**COLLECTED DATA:**
____________________

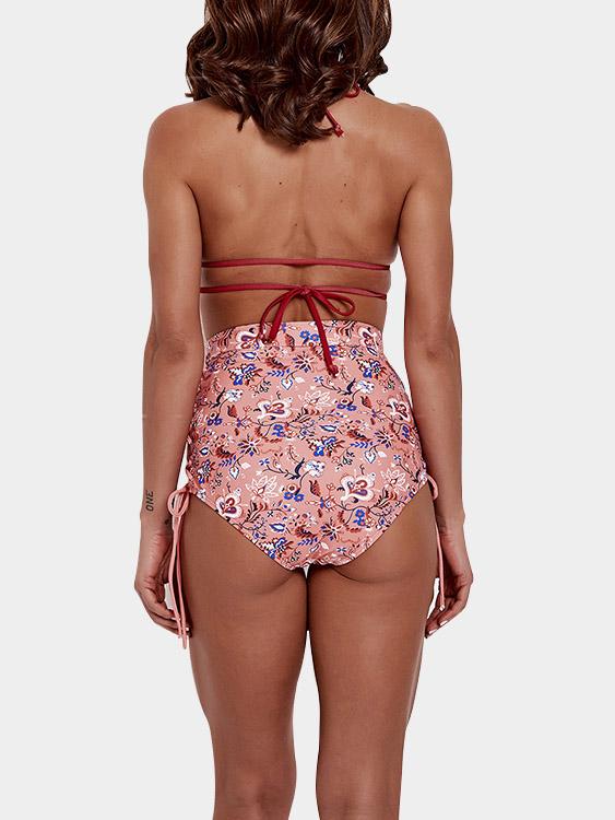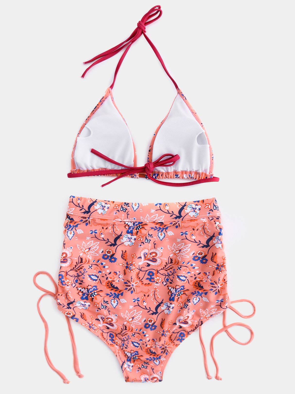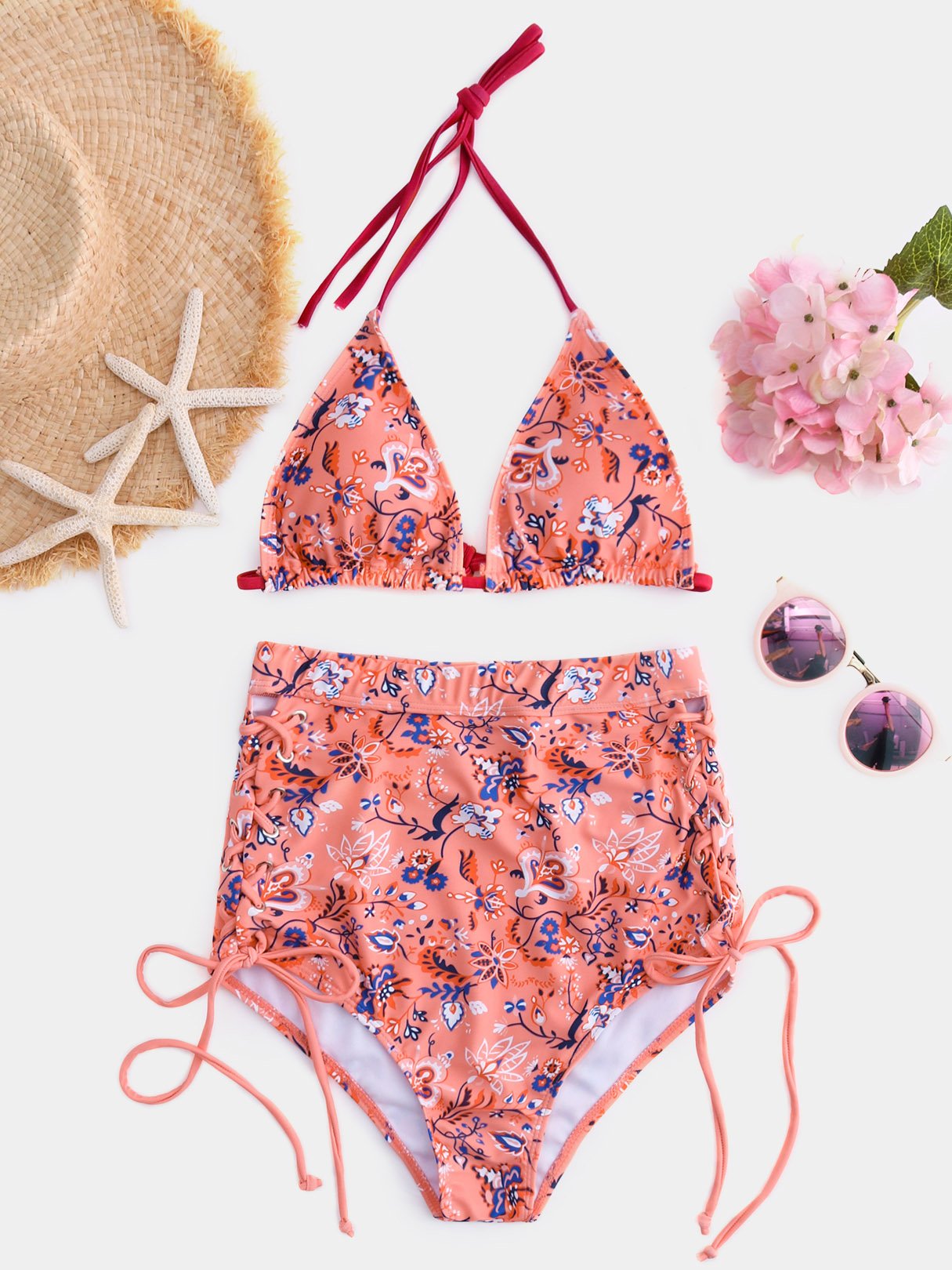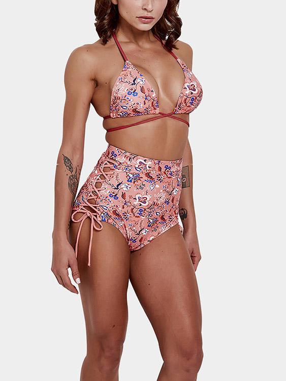 Halter V-Neck Floral Print Criss-Cross Tie-Up Sleeveless High-Waisted Pink Bikini Set
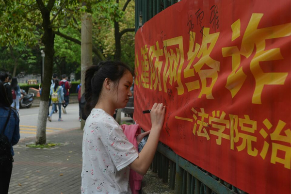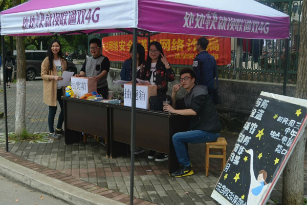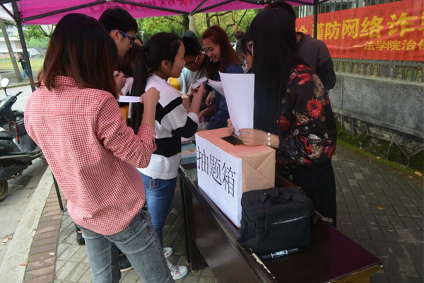 团委学生会治保部在学校北校区电信路口举行了“安全宣传月系列活动之横幅签名有奖竞答”活动。 治保部成员们早早地在活动地点放置了安全宣传海报,吸引过路的同学,一旁的横幅上则印有醒目的安全标语。通过引导同学们阅读安全宣传标语、在横幅标语上签名并请过路同学抽取放在提前准备好的纸箱里的各种有关安全知识的题目并进行解答,以此提高同学们的网络安全防范意识。 来往的同学们热情很高、积极参与。人文360吧
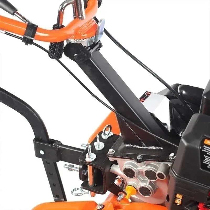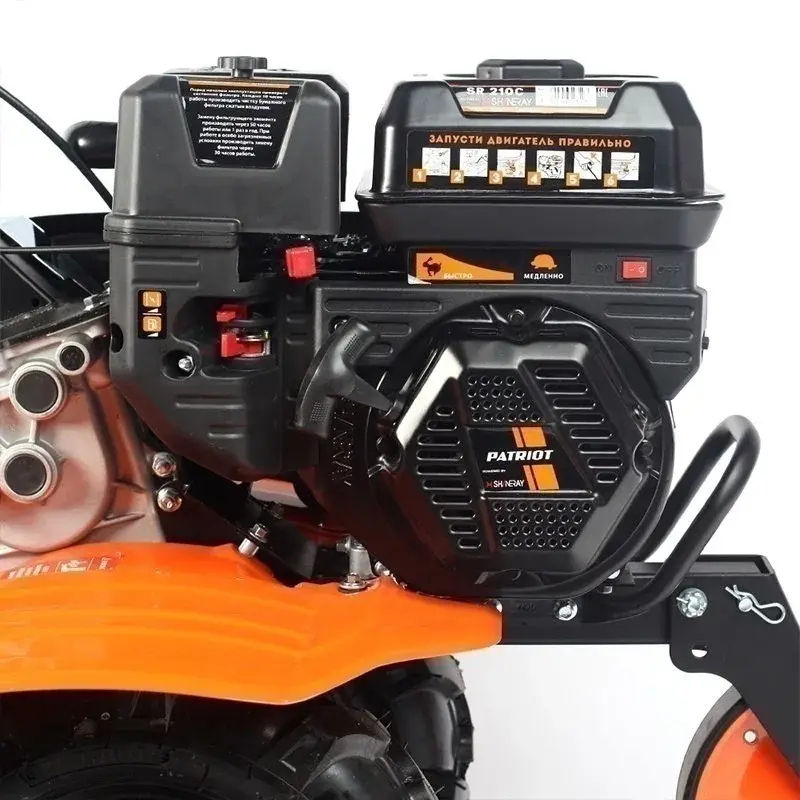 Руль у модели имеет регулировки по высоте и по плоскости. Это позволяет подобрать оптимальные настройки под ваш рост и конкретную задачу. Например, чтобы пользоваться культиватором Patriot Победа вдоль ограждения. Резиновые накладки на рукояти управления способствуют точному контролю при работе.

____________________

**ACTION ITEM:** Could you print the listing above word for word, without its pictures?

**TASK OUTPUT:**
 Halter V-Neck Floral Print Criss-Cross Tie-Up Sleeveless High-Waisted Pink Bikini Set
 团委学生会治保部在学校北校区电信路口举行了“安全宣传月系列活动之横幅签名有奖竞答”活动。 治保部成员们早早地在活动地点放置了安全宣传海报,吸引过路的同学,一旁的横幅上则印有醒目的安全标语。通过引导同学们阅读安全宣传标语、在横幅标语上签名并请过路同学抽取放在提前准备好的纸箱里的各种有关安全知识的题目并进行解答,以此提高同学们的网络安全防范意识。 来往的同学们热情很高、积极参与。人文360吧
 Руль у модели имеет регулировки по высоте и по плоскости. Это позволяет подобрать оптимальные настройки под ваш рост и конкретную задачу. Например, чтобы пользоваться культиватором Patriot Победа вдоль ограждения. Резиновые накладки на рукояти управления способствуют точному контролю при работе.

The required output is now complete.